ПРОЛОГ. Выдыхай
27 мая 2026 г., 23:35
Балкон был общий, бетонный, нагретый за день до температуры ада — солнце палило с утра, как прожектор в комнате для допросов, и бетон впитывал тепло молча, безответно, до следующего утра. Он опирался локтями о шершавый борт и смотрел во двор.
Сигарета дымила в пальцах. Пепел осыпался вниз — серый, невесомый, — и исчезал где-то между третьим и вторым этажом. Он не следил за ним. Он вообще мало за чем следил в последнее время, и это было не проявление дзена, а обыкновенная, бытовая апатия — та самая, что накрывает мужика к сорока восьми, когда аванс потрачен, зарплата ещё не скоро, а в холодильнике пельмени и экзистенциальный ужас.

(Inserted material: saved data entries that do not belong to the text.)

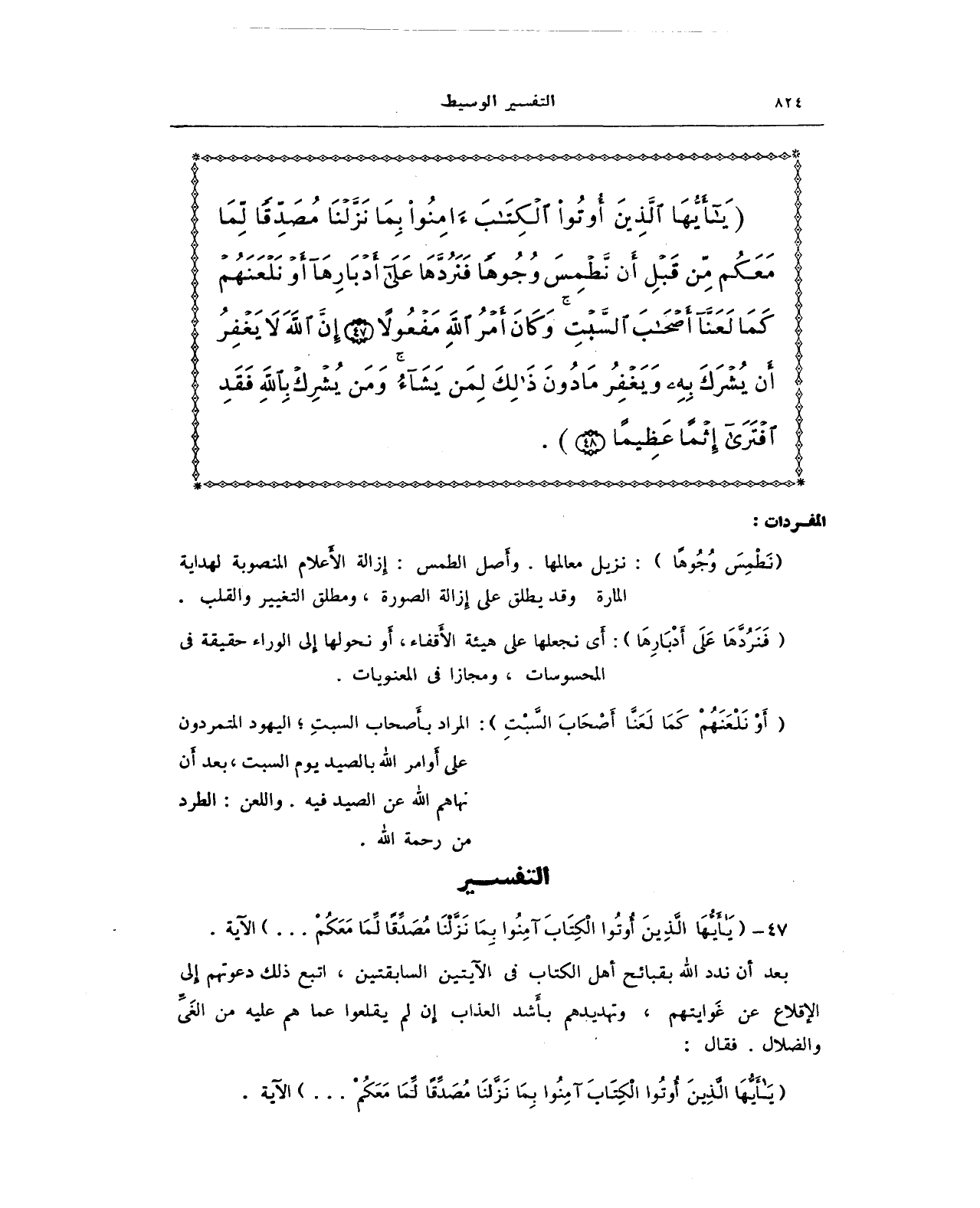 {يَا أَيُّهَا الَّذِينَ أُوتُوا الْكِتَابَ آمِنُوا بِمَا نَزَّلْنَا مُصَدِّقًا لِمَا مَعَكُمْ مِنْ قَبْلِ أَنْ نَطْمِسَ وُجُوهًا فَنَرُدَّهَا عَلَى أَدْبَارِهَا أَوْ نَلْعَنَهُمْ كَمَا لَعَنَّا أَصْحَابَ السَّبْتِ وَكَانَ أَمْرُ اللَّهِ مَفْعُولًا (47) إِنَّ اللَّهَ لَا يَغْفِرُ أَنْ يُشْرَكَ بِهِ وَيَغْفِرُ مَا دُونَ ذَلِكَ لِمَنْ يَشَاءُ وَمَنْ يُشْرِكْ بِاللَّهِ فَقَدِ افْتَرَى إِثْمًا عَظِيمًا (48)}.
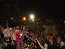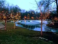 It was a tradition for students to jump into the lake at night in the week leading up to the annual football game between the Ohio State Buckeyes and the Michigan Wolverines. Although students have jumped into Mirror Lake since 1969, the modern tradition started in 1990 when Jim Jones and an AEPi member named Marmaduke led a parade of students on a traditional march around campus. At the end of the parade — at Mirror Lake — students made the celebratory jump.[6] Approximately 12,000 people either jumped or were near the lake for the 2009 jump.[7] Jumps have occurred several times outside of Michigan Week, including on the night of May 1, 2011 when students jumped into the lake in the wake of the death of Osama bin Laden.[8] The Mirror Lake Jump events were not university sponsored, and people were encouraged by university officials to not participate in the events.[9] The tradition ended in the mid-2010s after a student death occurred, and the university began enforcing policies to prevent jumps from occurring.[10] Jumping into Mirror Lake is a fourth-degree misdemeanor, however police acknowledged that they ignored this during jump events in order to focus on the safety of those present.[11]
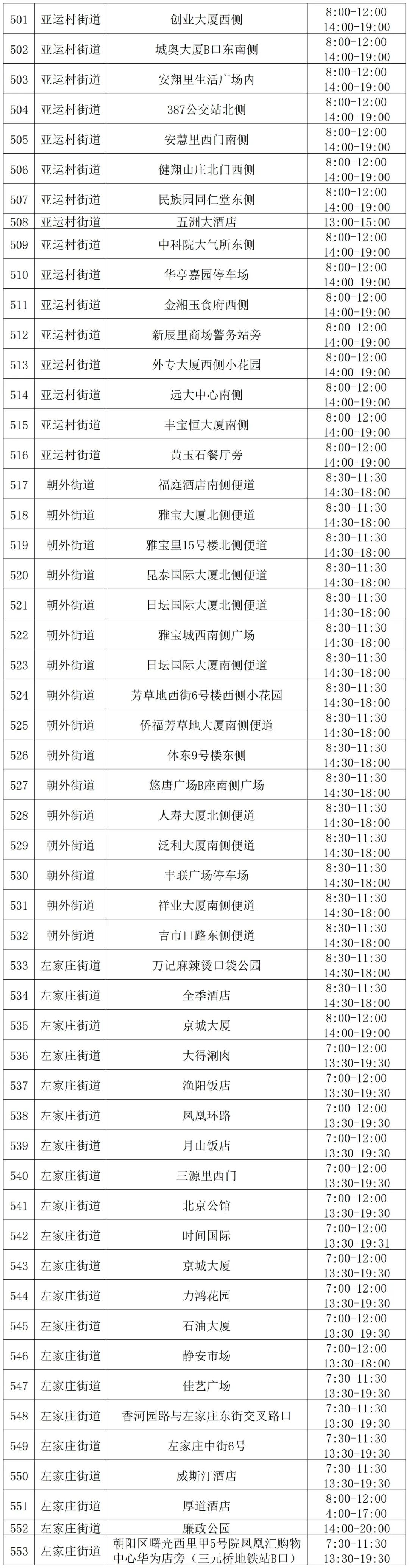 38 | 杨庄街道 | 京贸国际小区东北角 | 9:00-11:00 |

Двор был стандартный, спальный, из тех, что лепили в конце восьмидесятых, когда архитекторам разрешили немного похулиганить — но не сильно, в рамках дозволенного. Полукругом загнуть дом, воткнуть арку посередине, и всё. На этом фантазия кончилась, начался плановый ремонт и застой. Дом стоял и загибался внутрь, как вопросительный знак, забывший свой вопрос. Фонари горели жёлто-оранжевым — цветом застарелой тоски, которую не вытравить никаким благоустройством, — и светили они не чтобы освещать, а чтобы напоминать: ты здесь, ты в этом дворе, и ничего другого не будет.
Он кутался в старую ветровку не от холода, а в поисках уюта — жест, который он сам не осознавал. Просто ткань под пальцами, просто молния, которая заедает на полпути, просто ритуал, заменяющий молитву.
В голове крутилась песня. Сын включил утром на колонке, пока собирался на работу. «Затянись мною в последний раз, ткни меня мордой в стекло». Сын у него был взрослый, двадцать три, слушал всякое — то ли рэп, то ли не рэп, он не разбирался и не хотел разбираться. Но слова застряли. «Серым пеплом осыпятся вниз те мечты, что не сбудутся никогда». Это он понимал. Этого ему хватало. Понимания вообще хватало — в отличие от денег, здоровья и веры в будущее.
Внизу, во дворе, что-то происходило.
Он не сразу заметил — просто взгляд зацепился за движение. У второго подъезда лежала собака. Рыжая, мелкая, с пушистым хвостом — такие обычно украшают советские открытки про животных. Но эта была дворовая, без родословной и без хозяина. Он видел её раньше, не раз: она лежала на бетонной плите и смотрела на мир с видом философа, который всё понял, но не может сформулировать. А может, и может — просто не хочет.
Рядом с собакой, на корточках, сидела девушка.
Он затянулся. Дым вошёл в лёгкие горячий и сухой, как сводка новостей. Выдохнул. Пепел вновь полетел вниз.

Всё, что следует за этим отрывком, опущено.